Jake and Nog were standing on a covered wooden bridge that spanned Jake's favorite fishing hole. It was his father's favorite, too, and six years ago, Jake had been delighted to discover that this secret Cardassian holosuite could access his father's programs from DS9's main computers.
Except . . .
“This isn't my program, either,” Jake said to Nog. The perpetual summer sun wasn't shining. In fact, the day was overcast. In fact, it was actually raining.”
“I, uh, sort of made some, uh, minor modifications,” Nog confessed with a shrug. “The rain makes me feel more . . . at home. . . .”
Then Jake saw that he and Nog weren't alone. There were people swimming in the fishing hole. “Who are they?” He stepped closer to the bridge's railing, saw the impressive size and bulbous shape of the swimmers' bald heads. “Ferengi?”
“Uh-huh,” Nog said in a strangled croak, as if his throat was slowly closing in.
The Ferengi swimmers saw Jake and Nog on the bridge, and started waving enthusiastically.
Then Jake saw how small their ears were, and he began to really understand. “Ferengi females . . .”
“I've never really been much for . . . pointed ears,” Nog mumbled.
Two of the swimmers began climbing a wooden ladder at the side of the bridge.

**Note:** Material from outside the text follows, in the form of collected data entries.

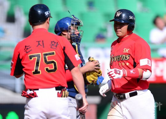 18일 인천 SK행복드림구장에서 ‘2016 타이어뱅크 KBO리그’ SK 와이번스와 NC 다이노스의 경기가 열렸다. 4회말 선두타자로 나온 SK 최정이 NC 선발 최금강을 상대로 시즌 39호 솔로홈런을 치고 손지환 코치의 축하를 받고 있다. 이 홈런으로 최정은 SK 팀 최초이자 KBO리그 최초로 100득점-100타점을 기록한 3루수가 됐다.
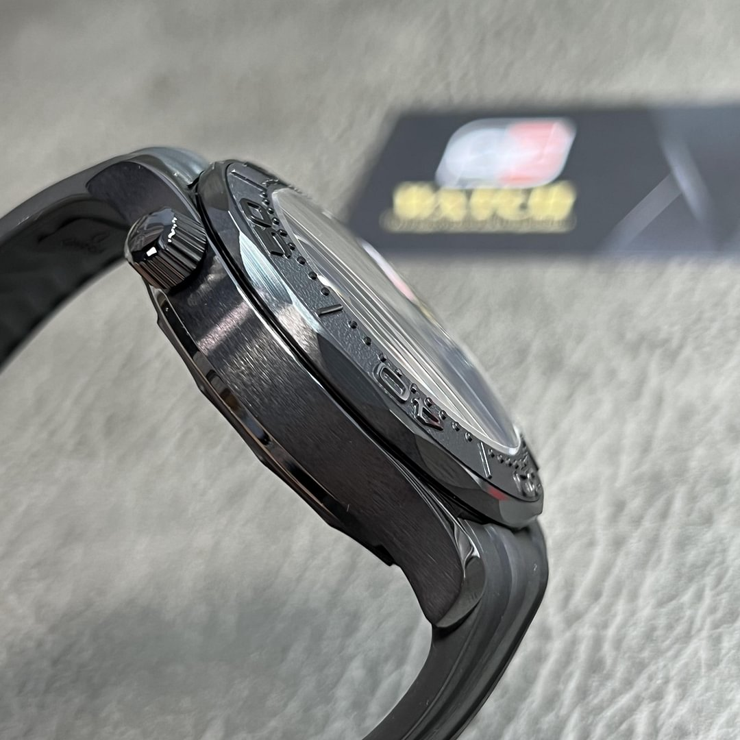 This striking 43.50mm model is crafted with black ceramic [ZrO2], creating a distinctive and uniform look. The case, bezel, wave-pattern dial, crown, and helium escape valve all share the same exquisite material. To maintain visibility without compromising the aesthetic, anthracite Super-LumiNova has been applied to the diving scale, black PVD indexes, skeleton hands, and the dot at 12 o’clock.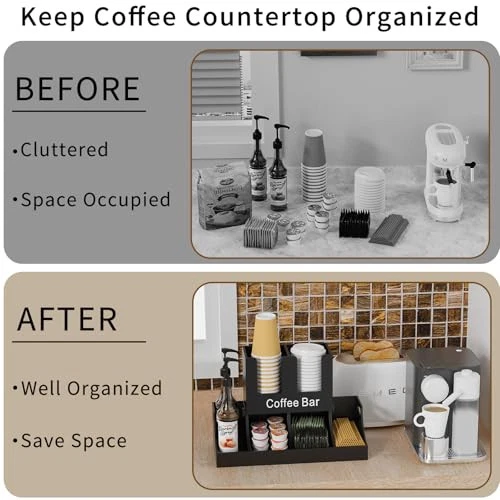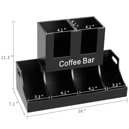 Return Policy Fast Delivery Trusted seller Coffee Station Organizer, Wooden Coffee Bar Organizer for Countertop, Coffee Condiment and Cup Storage Organizer, Coffee Bar Accessories for Kitchen, Office, Home, Black Product Description Versatile storage solution: The coffee station organizer can hold up to 25.4 ounces of syrup bottles, coffee pods, sugar, stirrers, cups, and lids, making it the great coffee bar accessories and organizer for any coffee station, kitchen, office Efficient organization: The layered design of the coffee organizer station keeps everything organized, and you can easily access and view all coffee bar accessories, saving you time Sturdy and Easy to Clean: Made of solid wood, the coffee bar organizer is sturdy and can be easily cleaned with wet wipes, ensuring long-term use. Its dimensions are 16 inches x 7 inches x 11.3 inches, making the most of your countertop space Stylish Decor: The coffee organizer has a stylish design that adds an elegant touch to any environment. It blends seamlessly with most interior decors, it is suitable for offices, homes, cafes Easy to Assemble: The coffee pod holder comes with instructions. Just insert the wooden board into the bottom tray one by one and fix it with 2 screws at the end. It won't shake. The caddy is equipped with handle, which can be easily carried to any location Shipping Returns Payment Shipping Shipping is FREE to all addresses other than APO/PO boxes in the lower 48 states. All our stock ships from US-based warehouses. Shipped via USPS or UPS (depending on location and package weight) Unless stated otherwise, all orders will ship within 24-72 hours of your payment being processed. Check our feedback to see the great reviews of FAST shipping we offer. Returns Seller does not accept returns Payment We currently accept payment via eBay managed payments only. Once payment is cleared, we will dispatch your shipment within 1-3 business days. Please refer to the "Shipping" tab for more information regarding shipping speed to your destination.
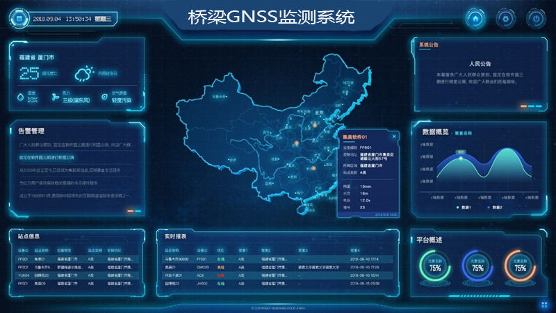 桥梁GNSS监测系统由前端数据采集设备、供电设备、传输设备、监控中心和移动APP组成,前端的数据采集主机将采集到的视频图像、倾角计、位移计、位置对比等数据通过2G/3G/4G/5G/NB-IOT等无线方式传输到监控中心,监控中心软件可以显示并分析前端设备采集的数据,移动APP可以实时查看当前监测情况,当出现警情时会发出预警信息,提醒相关指挥人员做好抢险救灾工作准备。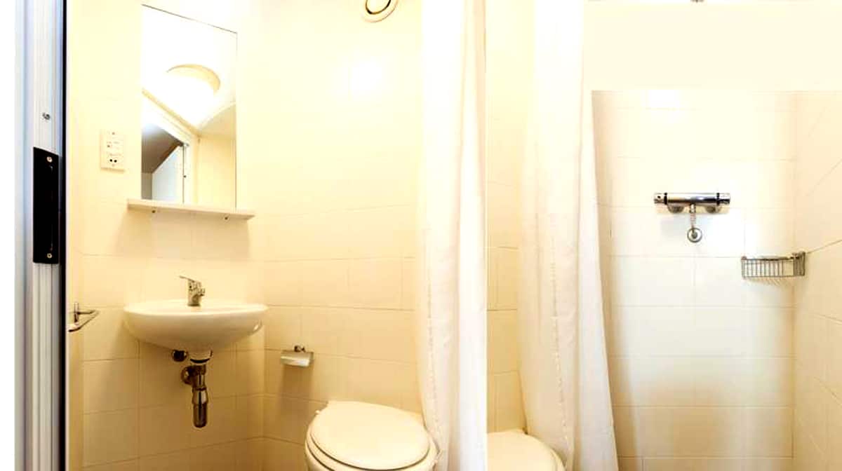 Room shared with someone else of the same sex, each person having a quality bed, wardrobe, drawers and share a sink with shaving and vanity unit. These twins also include a toilet and a shower.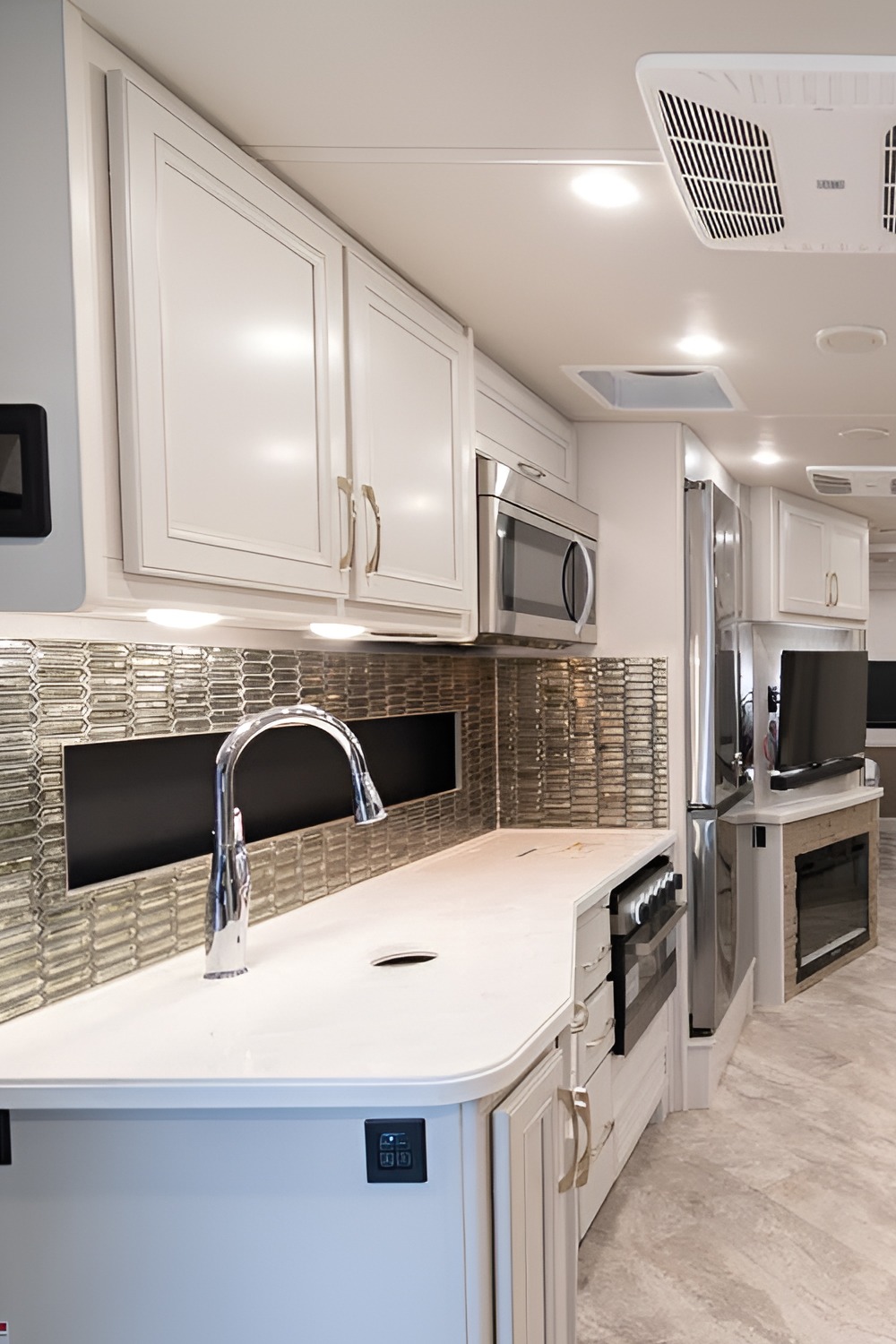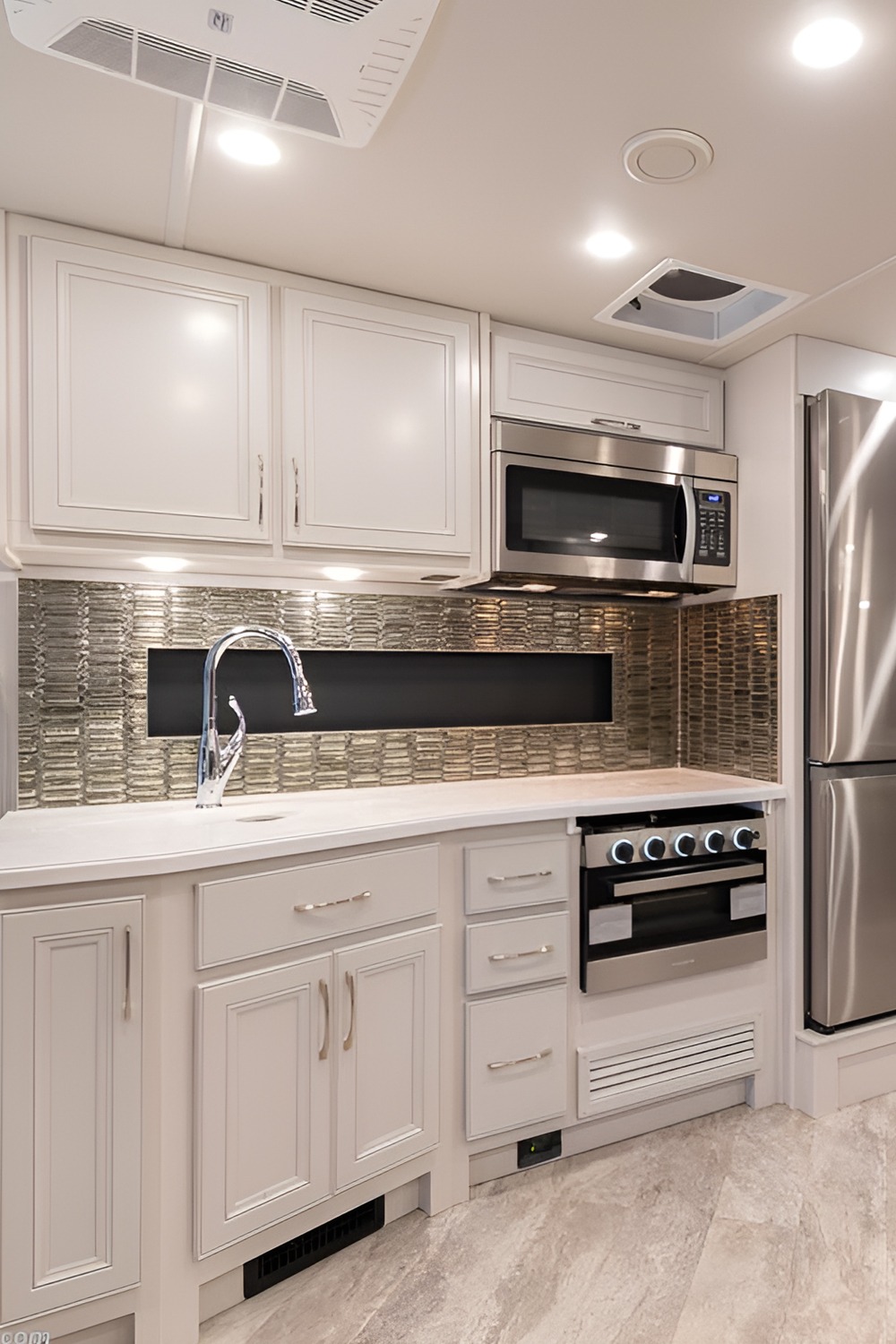 Under the cabinets, you’ll find small lights that make every corner easy to see. The metallic backsplash gives the kitchen a modern twist and bounces light around the room. There’s even a pull-out sprayer at the sink—just like you’d want in a home kitchen.
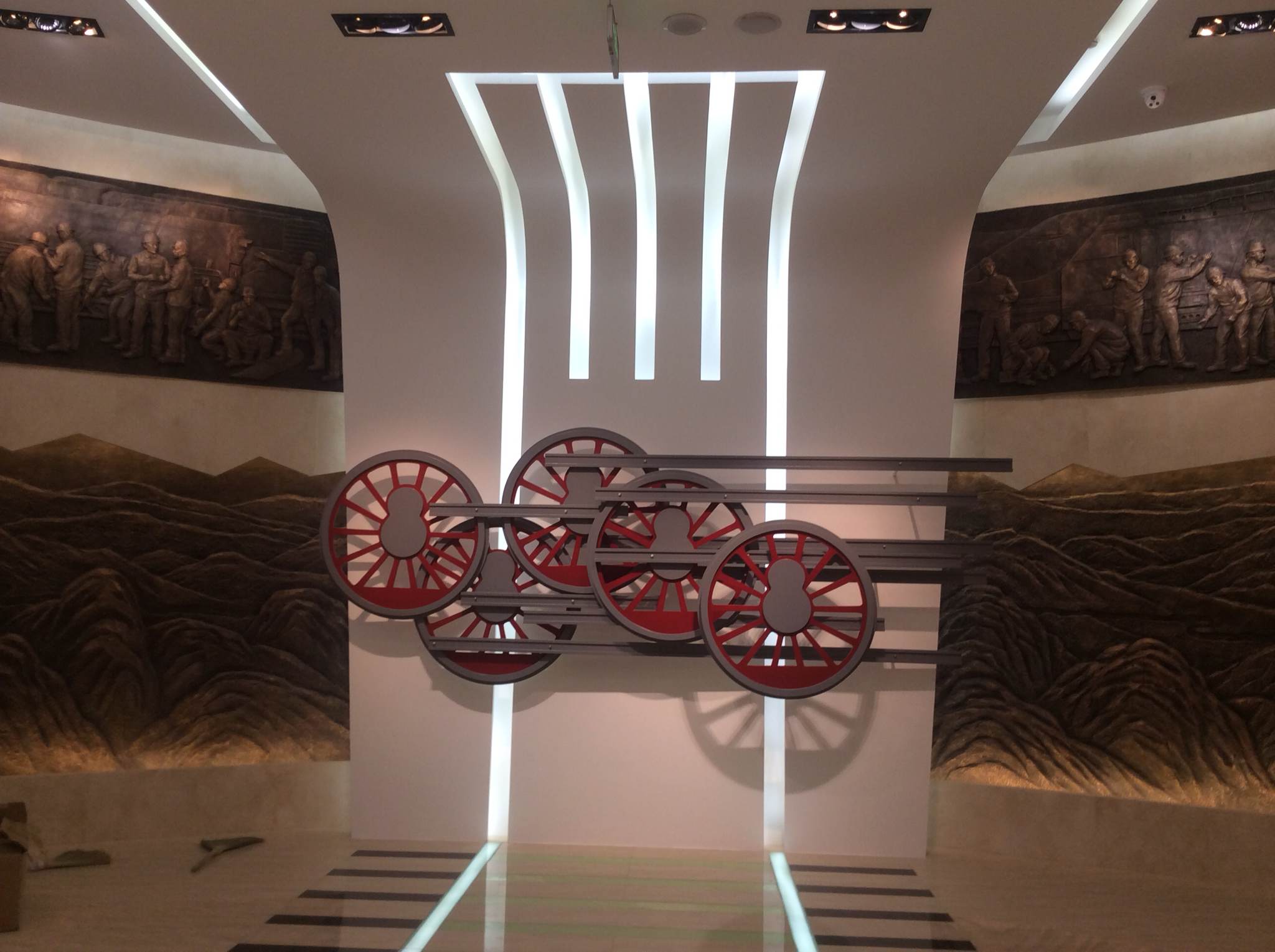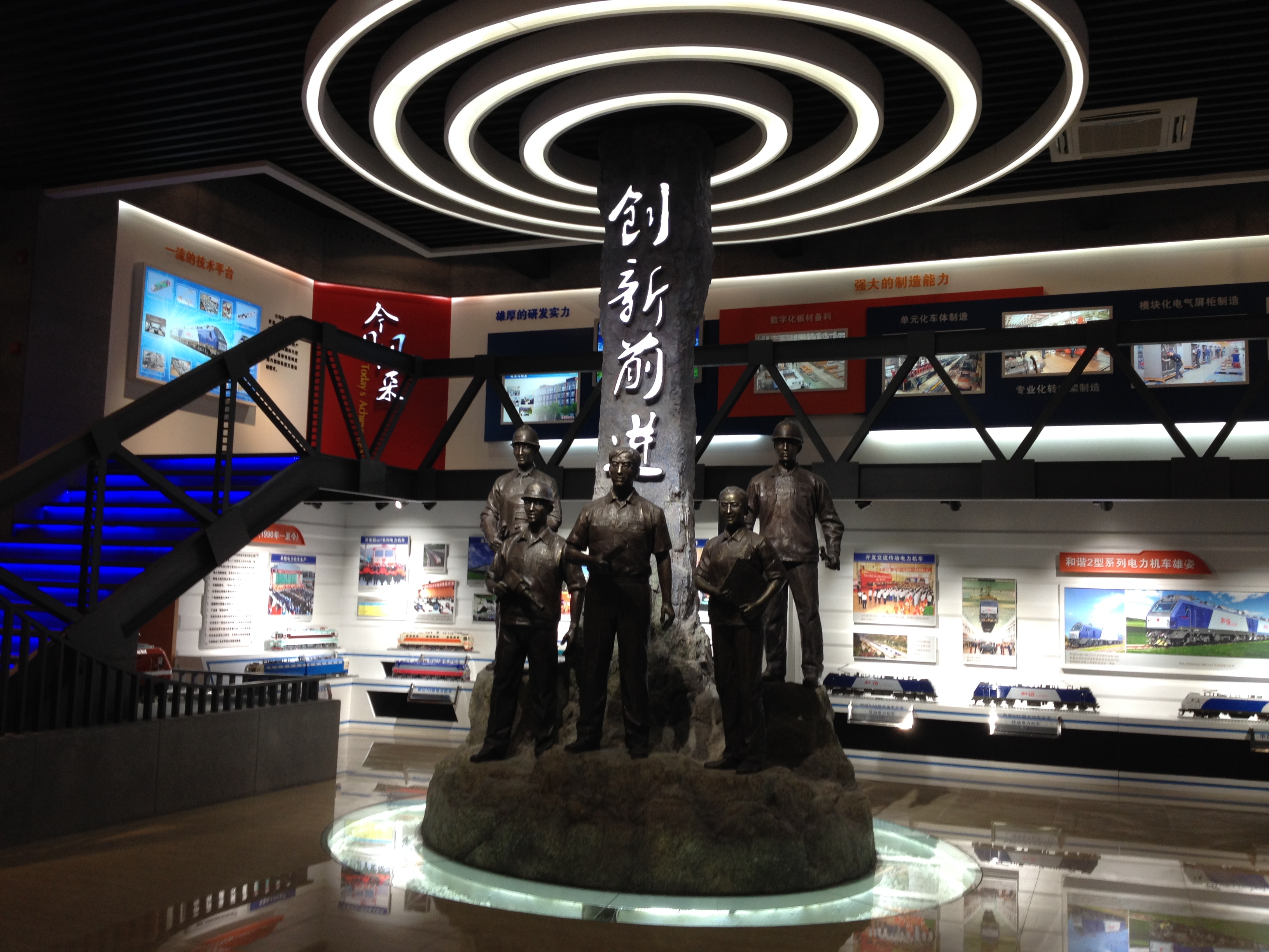 大同電力機車有限責任公司【廠史館】布展區(qū)域面積近1200平方米,以“塞上古城新動力﹒驅(qū)動中國夢前行”為主題。【廠史館】整體規(guī)劃設(shè)計部分包括:廠史館外立面裝飾設(shè)計、廠史館前小廣場及雕塑設(shè)計、廠史館及相關(guān)功能型會議廳規(guī)劃設(shè)計。在表現(xiàn)手段方面主要有圖片靜態(tài)展示,文字說明展示、視頻演示、浮雕墻、實物展示、雕塑、模型及動態(tài)沙盤、多媒體互動展示。主要分為序廳(展現(xiàn)活力與希望)、溫暖記憶(回望堅定與支持)、前進歷程(銘記那一份啟示與開拓)、今日風采(體現(xiàn)不止步的創(chuàng)造與奮進)、燦爛明天(展望企業(yè)未來的引領(lǐng)與卓越)、企業(yè)之魂(明晰企業(yè)的社會責任與精神主旨)六大部分重點展示。

They were calling Nog's name, and as they stepped onto the bridge, leaving wet footprints behind, Jake was momentarily startled by the bulky, multilayered swimming costumes the Ferengi females wore. Other than their heads, their hands, and their feet, not a square centimeter of skin was exposed, not a curve of their bodies could be discerned.
Jake looked at Nog with a grin.
Nog's open-mouth smile was so broad, it almost made him look as if he'd just been stunned by a phaser. The Ferengi teenager stared at the two fully clad females without blinking.
“You're drooling,” Jake teased.
Nog looked up at his friend. “Vulcan love slaves don't . . . wear any clothes,” he said sheepishly. “Where's the fun in that?”
Jake took Nog by the arm, tugged him toward the door to the corridor. “Nog, you need to get out more. Let's go find Chief O'Brien.”
Allowing Nog to wave a sad farewell to the Ferengi females, Jake pushed his glum friend out the door.
The Ferengi females—representing everything Nog could ever want—returned that wave sadly as Jake and Nog left, reverting to their true forms only when the door had completely closed, and the waiting began again.